Electron beam assisted joining of nanograin-sized Fe–Co–V magnetic foils: Study and optimization of magnetic properties of weld joints

Abstract

Fe–Co–V alloys are of interest due to their excellent magnetic properties. These alloys are frequently used in the active parts of rotors of synchronous hysteresis motors. Welding of these alloys is however a great challenge because of various phase transitions occurring during solidification. These phase transitions change the microstructural, physical and mechanical properties of Fe–Co–V alloys. In this research work, the effect of electron beam welding on the magnetic properties of nanograin-sized Fe–Co-7.15wt%V foils was studied.

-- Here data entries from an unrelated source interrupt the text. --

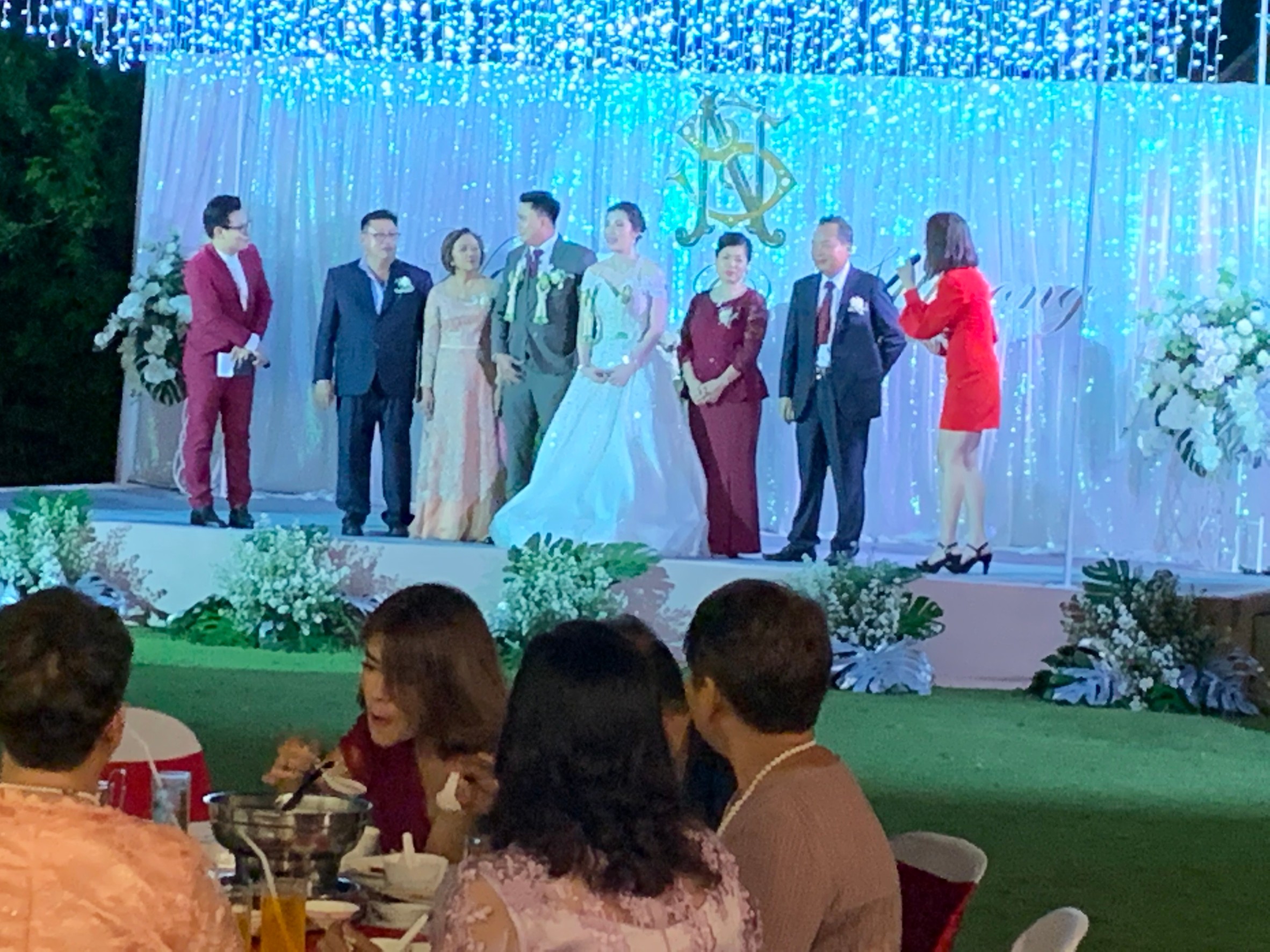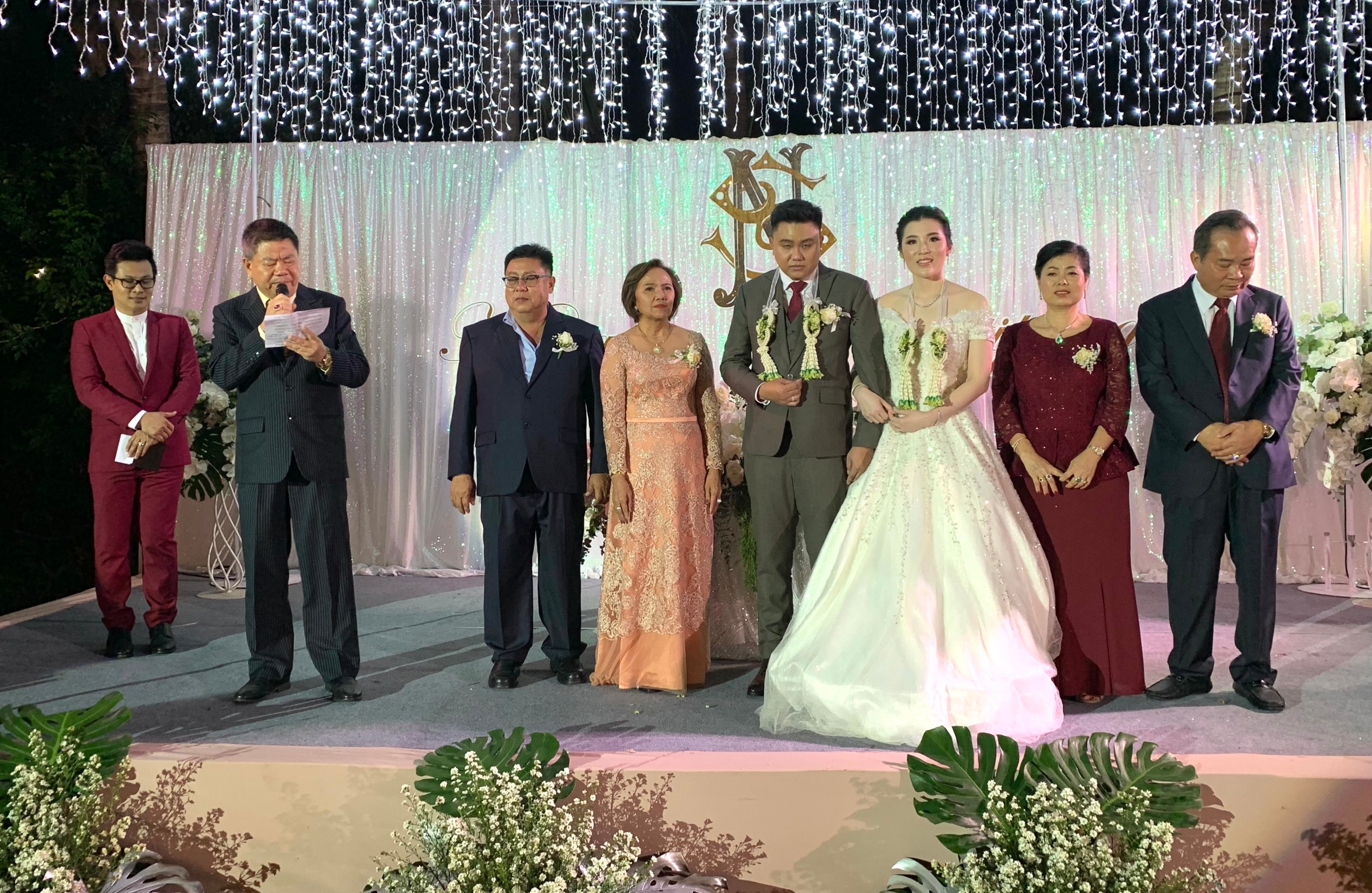 (อดีตรองผู้ว่าราชการจังหวัดร้อยเอ็ด) พร้อมภริยาให้เกียรติสวมมาลัยมงคล และกล่าวอวยพรให้คู่บ่าวสาว ระหว่าง นางสาว นาราริน ตั้งดำรงค์ชัย บุตรี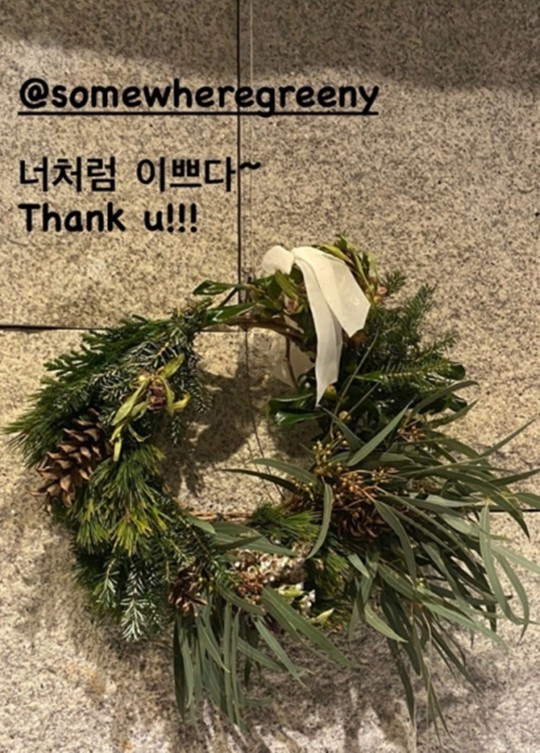 공개된 사진에는 전소니가 송혜교에게 선물한 걸로 보이는 크리스마스 리스가 담겨 있다.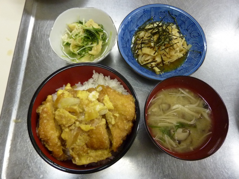 今回は「割合で作る和食」をテーマにかつ丼、味噌汁、うす揚げと水菜の煮浸し、
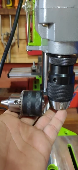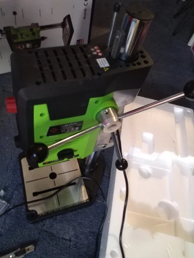 Хорошая дрель, за исключением центрирования полюса, патрон не был отцентрирован в отверстии основания, мне пришлось сделать подкладку и повозиться, это было немного менее хорошо. В противном случае продукт работает как положено.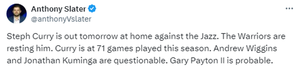 来源:篮球直播吧04-07 16:11篮球直播吧讯 北京时间4月7日,勇士队公布下一场对阵爵士的伤病报告,据勇士随队记者Anthony Slater报道,库里轮休,库明加(膝盖伤势)和维金斯(脚踝伤势)出战成疑,佩顿二世大概率出战。
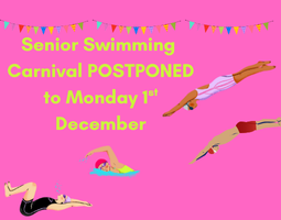 Due to circumstances beyond our control, there will be a minor change to the date of the Senior Swim Carnival. The swimming carnival will now be held on Monday, 1st of December. A program will be released closer to the date.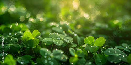 Green leaves with some shamrocks flying on top of the green with Swaying in Serenity Clover blurred defocused background at sunny day.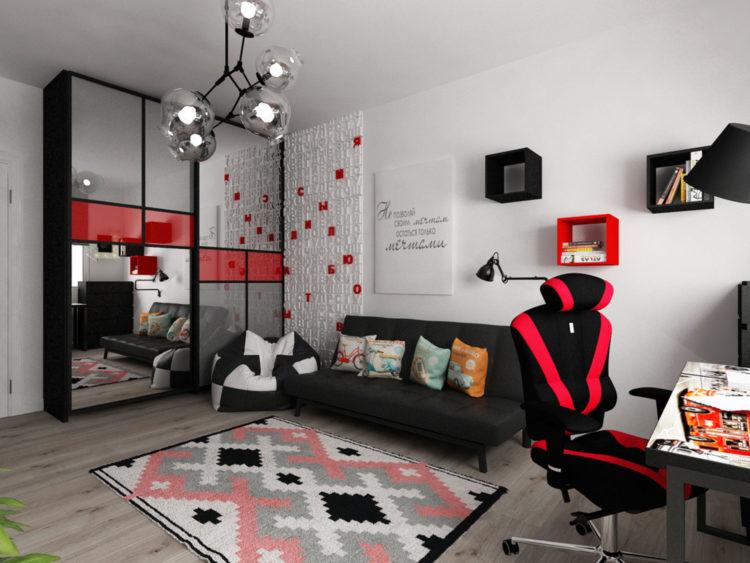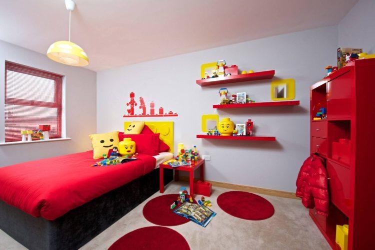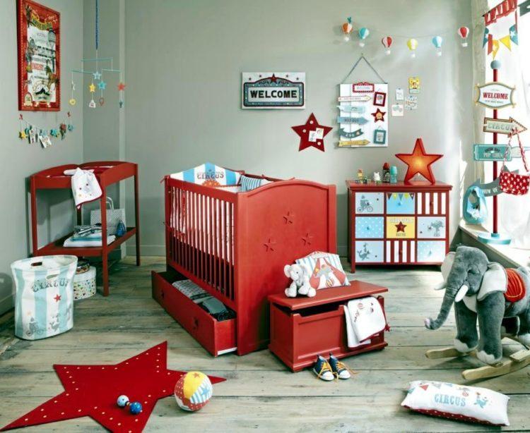 El estilo escandinavo en la guardería se puede diluir con un tinte rojo, especialmente si hace una habitación para dos niños con diferentes preferencias.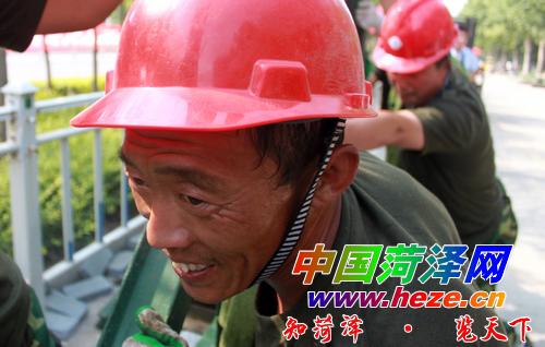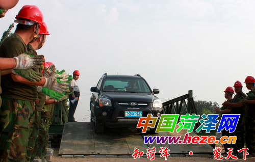 6月26日下午,一声哨响,救援车迅速通过一座刚刚架设的战备钢桥。用时45分钟,一座长33米的战备钢桥搭建完毕,横跨在城区广州路马庄桥上。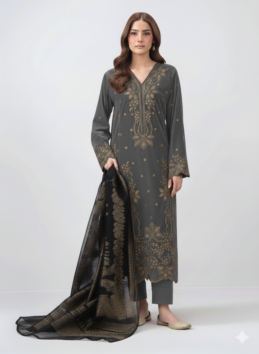 3 Piece Velvet Suit- Embroidered

Microstructural observation and texture analysis were carried out in order to clarify the changes of magnetic properties in the welded area. It was found that the magnetic properties of the welded area experience significant decrease due to the formation of large grains that have unfavorable orientation in the fusion zone. Also, a statistical analysis of the electron beam welding of this alloy was done using response surface methodology. The analysis considered the effect of beam current (0.7–1.7 mA), beam voltage (40–50 kV), welding speed (150–500 mm/min) and focused position (−20 to 0 mm) on the energy product ((BH)max) of welded samples. The experimental design was based on four-factor, five-level central composite rotatable design using linear and quadratic polynomial equations for proposing the mathematical model.